Gratitude for the Craft of Writing and Blogging

I have been a writer for years. It started long ago in my youth when my mother first introduced me to the world of books and reading. It was a pivotal learning process to discover that books can be friend, teacher, parent, guardian, guide, enemy, doctor, artist, monster, and on and on and on. The world of reading seemed endless to me and the immense array of subject matter infinite. Never a dull moment in the pages of a book. So it only made sense that this passion for books, would awaken a feverish desire for writing, which indeed it has over the years. I have written full blown works of fiction meant for magazine publication, children's tales, a teensy bit of poetry, and massive numbers of partially written books both fiction and non fiction that will one day surely be complete!

There seems to be a lot of smugness in the world of writing that likens blogs to empty, vacuous wastelands of personal drivel that matters little to people in the grander scheme of things. And yet, the memoir genre of books published continues to grow and thrive, indicating people do like to read about what other people are doing in their lives. I know I do. But as are most people, I am very particular and even a bit superior at times about what I read.
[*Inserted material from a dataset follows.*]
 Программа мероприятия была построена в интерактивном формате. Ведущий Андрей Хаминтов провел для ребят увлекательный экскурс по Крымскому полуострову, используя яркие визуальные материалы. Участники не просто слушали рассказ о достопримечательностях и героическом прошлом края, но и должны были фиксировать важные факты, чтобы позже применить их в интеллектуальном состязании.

I have to admit, I don't follow other blogs. That is not to say I don't look at them now and again when searching some information on the internet. Mostly, I am drawn to blogs about a particular area of interest that has captured my attention in the moment.  I gloss thru a blog rapidly to determine if it holds something vital to my world. But once I get a gander at its contents I move on, barely leaving a trace of my ever having been there. Secretly looking, gaining perhaps some insight or awareness, and moving on. I rarely, if ever, add my name to an email list to receive regular updates on blogs. And I honestly, do not save their internet addresses in my Bookmarks section. I suspect I am not alone in this quirkiness of mine of being both a blogger and a non blog reader.  In fact, I am willing to bet that many of my 3,500 page viewers do just the same such thing as me. I think of myself as perhaps a kind of hit and run reader.
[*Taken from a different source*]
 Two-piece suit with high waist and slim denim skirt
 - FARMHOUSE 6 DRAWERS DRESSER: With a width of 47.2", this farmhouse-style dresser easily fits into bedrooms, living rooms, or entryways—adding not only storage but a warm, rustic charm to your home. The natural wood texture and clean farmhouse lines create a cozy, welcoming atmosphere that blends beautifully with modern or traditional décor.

So why write my own blog ? What's in it for me? Well, for one thing,  it is an opportunity to share who I am in a profoundly honest way that may or may not resonate with a potential reader. It is also a creative outlet that channels my artistic inclinations in a much more productive manner then writing in a diary or journal. Not that I don't do those as well, but the process in that instance is much more free flowing with very little to no editing efforts in sight. Plus, quite frankly, those forms of dialoguing are not meant for public viewing, although the results of which can and do make it onto the blog now and again. Journal scribing is the rough draft of my life and blogging is the light bulb on top of the head moments. Both are authentic representations of who I am but neither of them shows the depth of my spirit or captures me completely, nor do they have to for that matter.
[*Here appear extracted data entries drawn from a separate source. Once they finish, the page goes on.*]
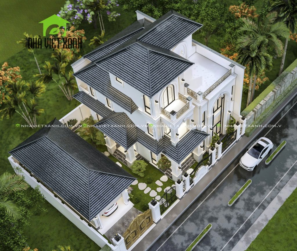 Thiết kế biệt thự tân cổ điển mái Nhật mặt tiền 10m – Anh Phúc, Hóc Môn
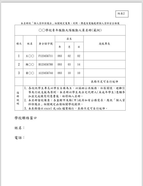→ ja23072008 : 名冊範例身份證字號和出生年月日是照抄沿用。但動 10/18 22:28
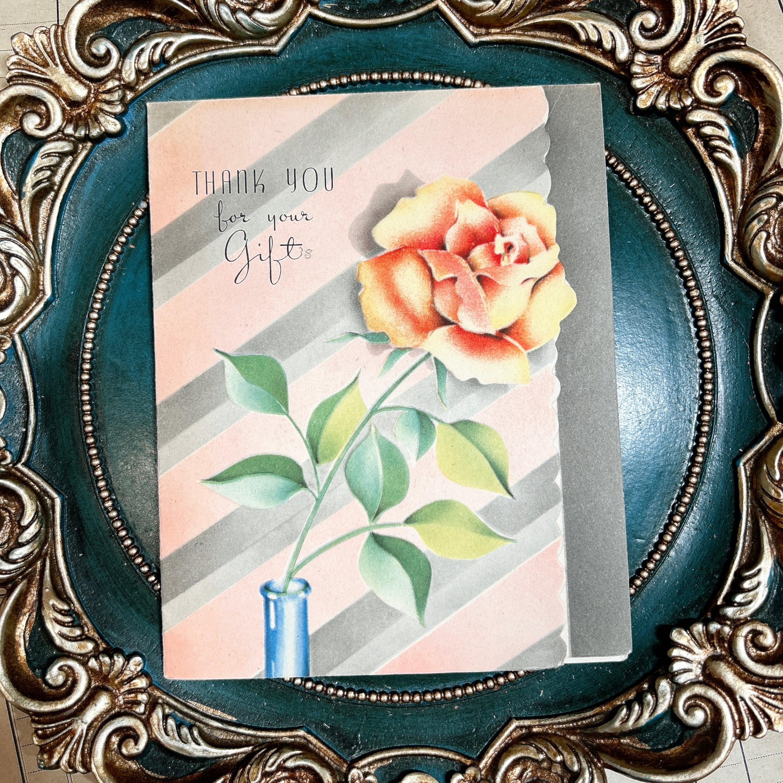 やわらかなピンクとグレーの斜めストライプを背景に、オレンジがかった大輪のバラが印象的に描かれたヴィンテージのサンキューカードです。表紙には「THANK YOU for your Gifts」の文字が入り、細身のタイポグラフィと花の優雅な組み合わせが上品で落ち着いた雰囲気をつくっています。青い花瓶からすっと伸びる茎や葉の配置も美しく、華やかさがありながら甘すぎない、大人っぽいデザインです。

In actuality, I started my blog just about a one year ago last month as the literal means to keep honing my skills as a writer. I see a huge improvement in my writing style and written word development from earlier blog posts through more recent ones. My original goal was purely and simply to post a new blog weekly, which for the most part, I have done. (OK I did take some time off in the summer!) But I also did it as the creative force in me believes that being who we are is infinitely more interesting then pretending to be something we are not, as so many people do in their daily lives.  That is not to say that the world of fiction does not have its well earned place of respect in literature, but in "real life" it serves no purpose other then to confuse and confound the very essence of who we are meant to be from shining through.

A deep bow of gratitude to all the 3,500  page viewers who in one year have happened upon my blog for one reason or another. You have looked, laughed and hopefully gleaned some nugget of truth that has made you feel something, no matter what that feeling was, that is authentic.

I wanted to leave all my fellow writers this Thanksgiving week with a quote that made me sit up and take note found in Poets and Writers magazine. The writer of the article was Dan White and was titled "Why We Write" The quote was from  Tony Connor, a poet and professor who taught at Wesleyan University.  "Asked if he could predict which of his students would achieve literary success, Connor said the ones who succeeded would have the sheer bloody-mindedness to go on when nobody gives a damn."

I write for myself first and that is as authentic a place as I can endeavor to be!